What the exercise asks: Required from the data below: the exact lines starting at the line containing "应越方邀请,中共中央政治局委" and ending at the line containing "Nestled on a", with both ends kept and all pictures dropped.

Provided records:
============================================================

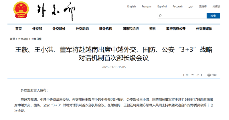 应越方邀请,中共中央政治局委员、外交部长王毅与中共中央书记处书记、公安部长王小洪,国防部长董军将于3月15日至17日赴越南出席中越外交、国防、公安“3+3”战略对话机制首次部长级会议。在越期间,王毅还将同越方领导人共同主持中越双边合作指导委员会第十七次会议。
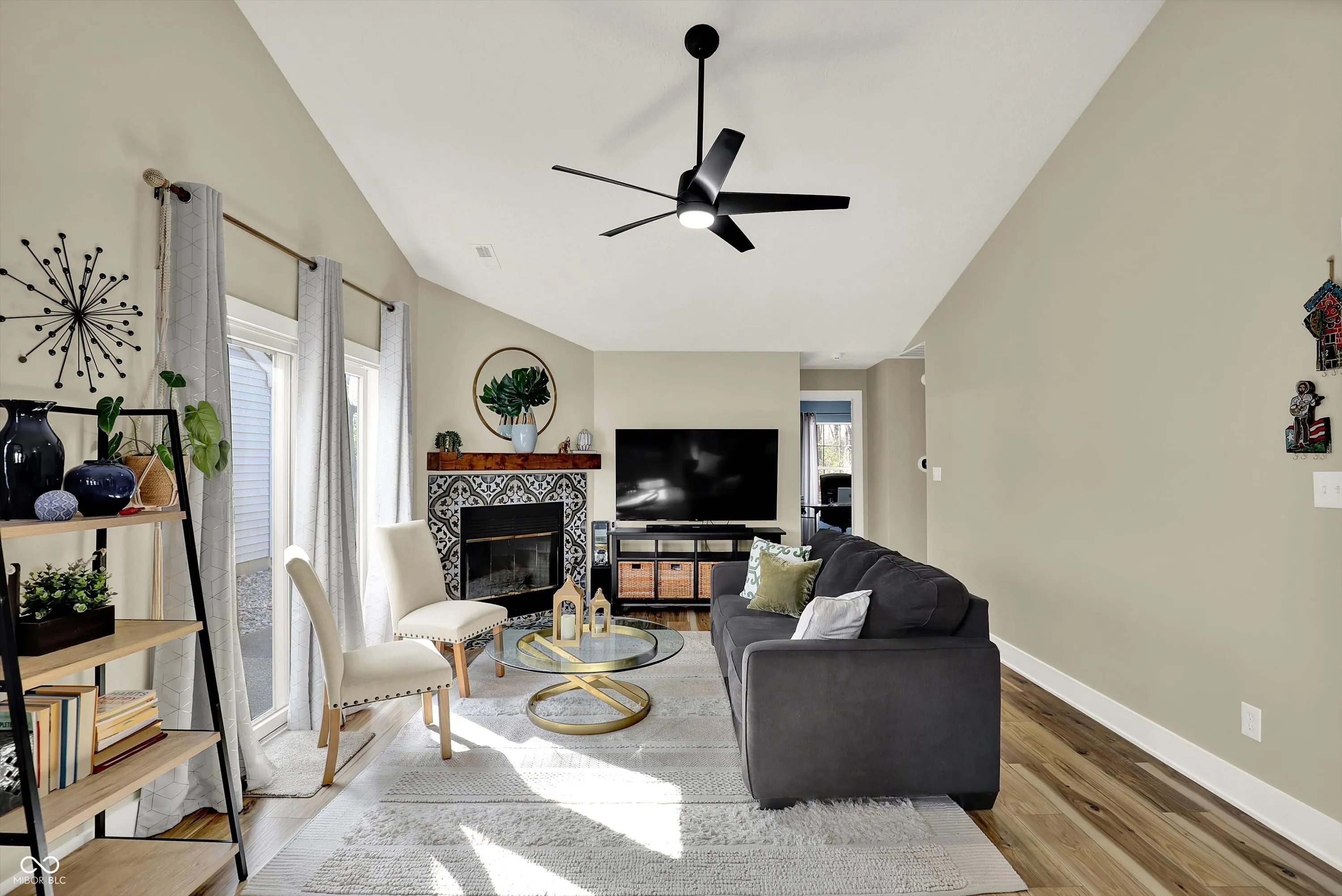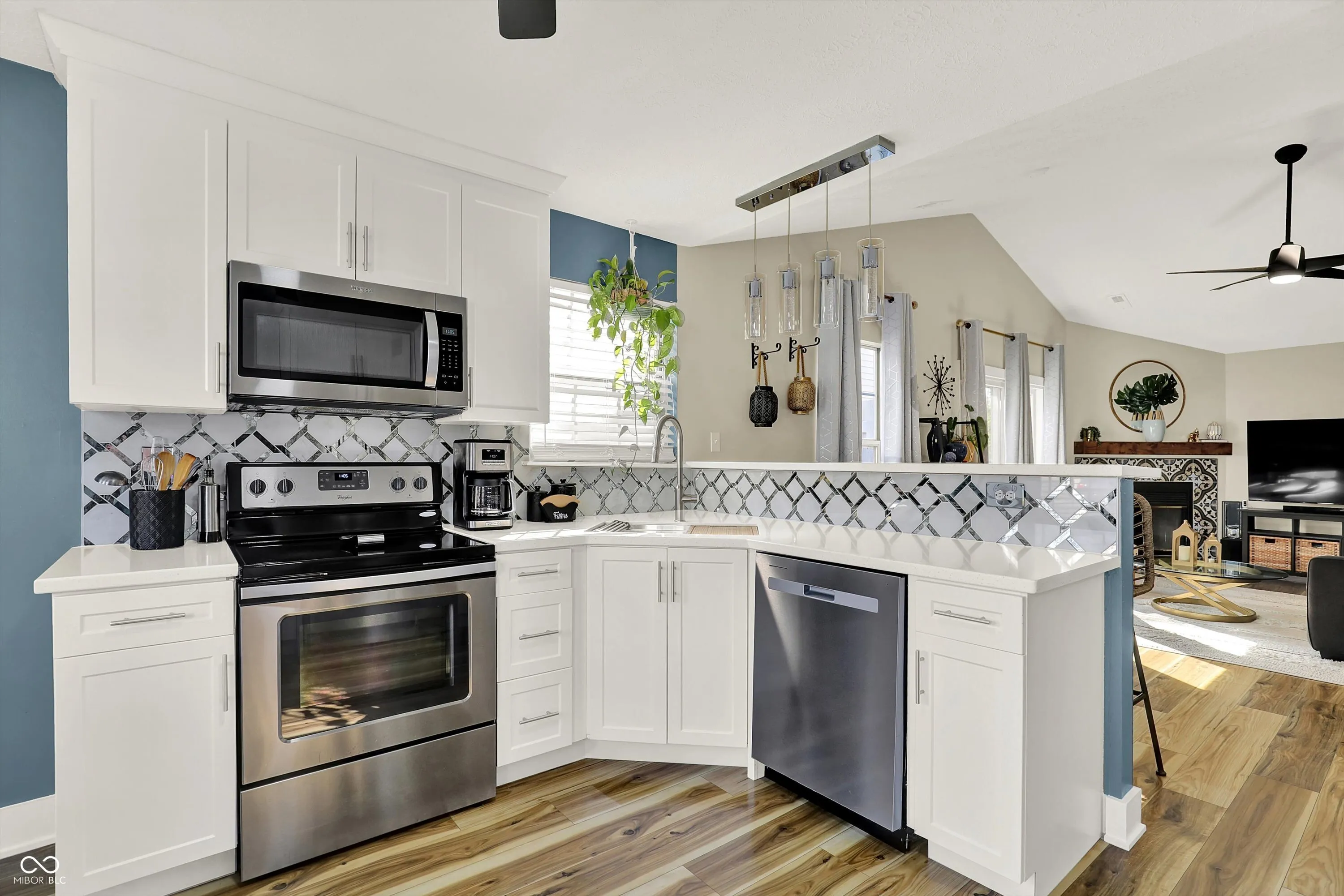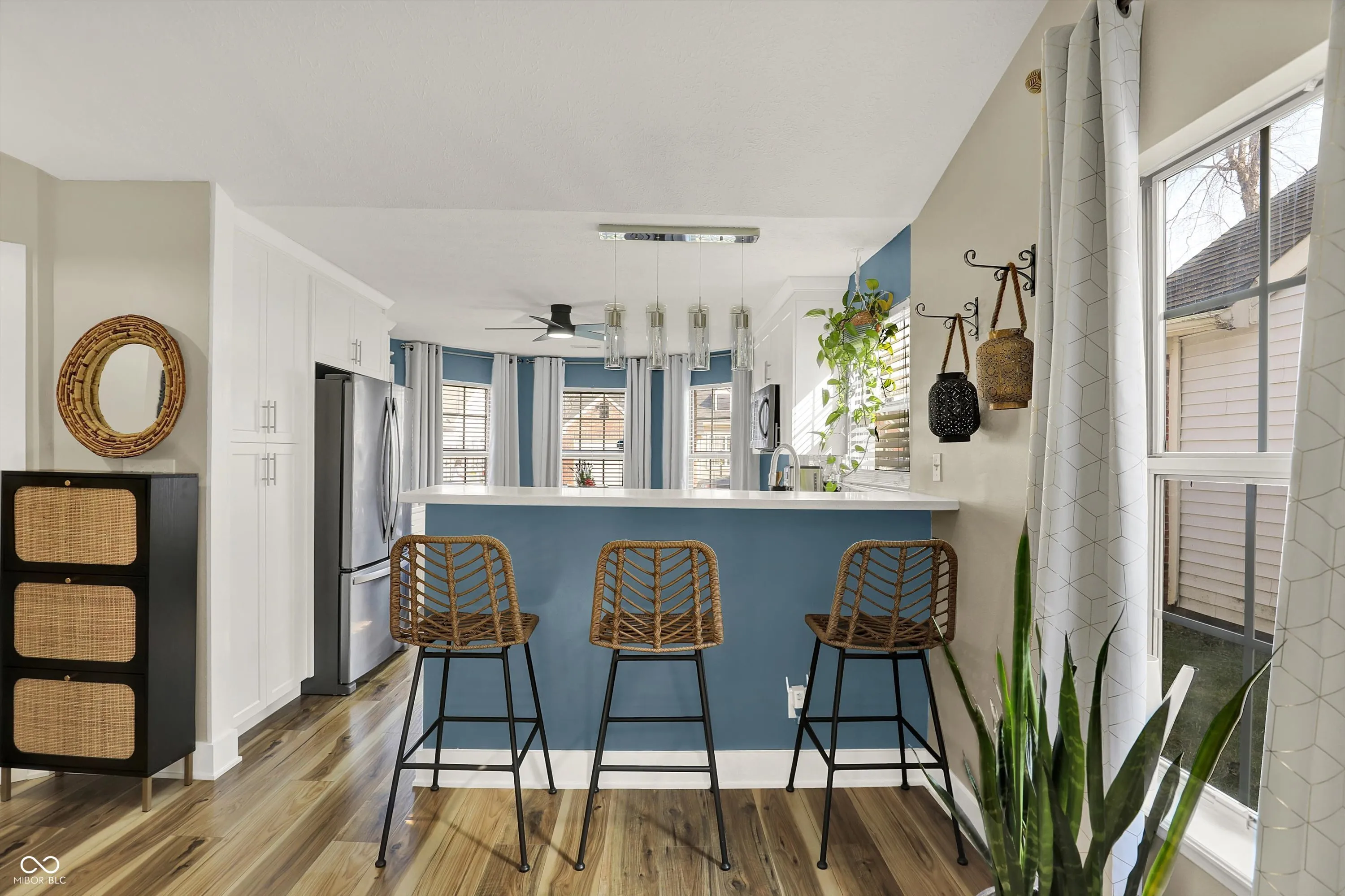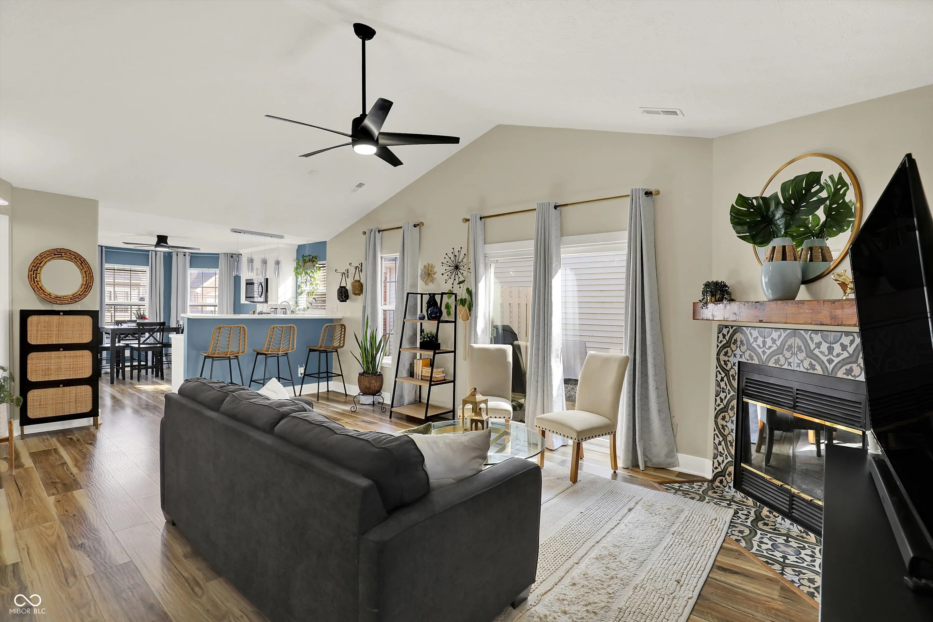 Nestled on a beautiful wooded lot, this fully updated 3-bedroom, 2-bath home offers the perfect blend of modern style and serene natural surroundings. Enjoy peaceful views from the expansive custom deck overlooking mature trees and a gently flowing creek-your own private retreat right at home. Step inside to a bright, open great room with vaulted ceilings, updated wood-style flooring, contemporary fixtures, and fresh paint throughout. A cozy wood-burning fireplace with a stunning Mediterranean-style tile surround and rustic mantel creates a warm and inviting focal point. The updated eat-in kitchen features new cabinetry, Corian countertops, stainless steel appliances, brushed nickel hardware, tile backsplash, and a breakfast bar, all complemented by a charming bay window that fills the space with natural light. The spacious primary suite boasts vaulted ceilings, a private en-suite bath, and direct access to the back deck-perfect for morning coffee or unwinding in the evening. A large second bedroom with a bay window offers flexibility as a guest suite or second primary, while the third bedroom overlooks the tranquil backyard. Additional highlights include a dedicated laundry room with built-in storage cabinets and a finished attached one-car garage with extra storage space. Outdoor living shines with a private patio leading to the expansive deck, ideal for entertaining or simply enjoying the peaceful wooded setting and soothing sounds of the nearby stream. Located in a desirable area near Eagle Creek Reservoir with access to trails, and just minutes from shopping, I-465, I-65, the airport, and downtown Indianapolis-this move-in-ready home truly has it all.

============================================================

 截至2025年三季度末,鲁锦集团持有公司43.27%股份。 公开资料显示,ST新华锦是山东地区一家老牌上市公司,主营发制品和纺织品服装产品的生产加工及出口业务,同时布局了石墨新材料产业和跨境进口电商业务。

============================================================

Problem solution:
 应越方邀请,中共中央政治局委员、外交部长王毅与中共中央书记处书记、公安部长王小洪,国防部长董军将于3月15日至17日赴越南出席中越外交、国防、公安“3+3”战略对话机制首次部长级会议。在越期间,王毅还将同越方领导人共同主持中越双边合作指导委员会第十七次会议。
 Nestled on a beautiful wooded lot, this fully updated 3-bedroom, 2-bath home offers the perfect blend of modern style and serene natural surroundings. Enjoy peaceful views from the expansive custom deck overlooking mature trees and a gently flowing creek-your own private retreat right at home. Step inside to a bright, open great room with vaulted ceilings, updated wood-style flooring, contemporary fixtures, and fresh paint throughout. A cozy wood-burning fireplace with a stunning Mediterranean-style tile surround and rustic mantel creates a warm and inviting focal point. The updated eat-in kitchen features new cabinetry, Corian countertops, stainless steel appliances, brushed nickel hardware, tile backsplash, and a breakfast bar, all complemented by a charming bay window that fills the space with natural light. The spacious primary suite boasts vaulted ceilings, a private en-suite bath, and direct access to the back deck-perfect for morning coffee or unwinding in the evening. A large second bedroom with a bay window offers flexibility as a guest suite or second primary, while the third bedroom overlooks the tranquil backyard. Additional highlights include a dedicated laundry room with built-in storage cabinets and a finished attached one-car garage with extra storage space. Outdoor living shines with a private patio leading to the expansive deck, ideal for entertaining or simply enjoying the peaceful wooded setting and soothing sounds of the nearby stream. Located in a desirable area near Eagle Creek Reservoir with access to trails, and just minutes from shopping, I-465, I-65, the airport, and downtown Indianapolis-this move-in-ready home truly has it all.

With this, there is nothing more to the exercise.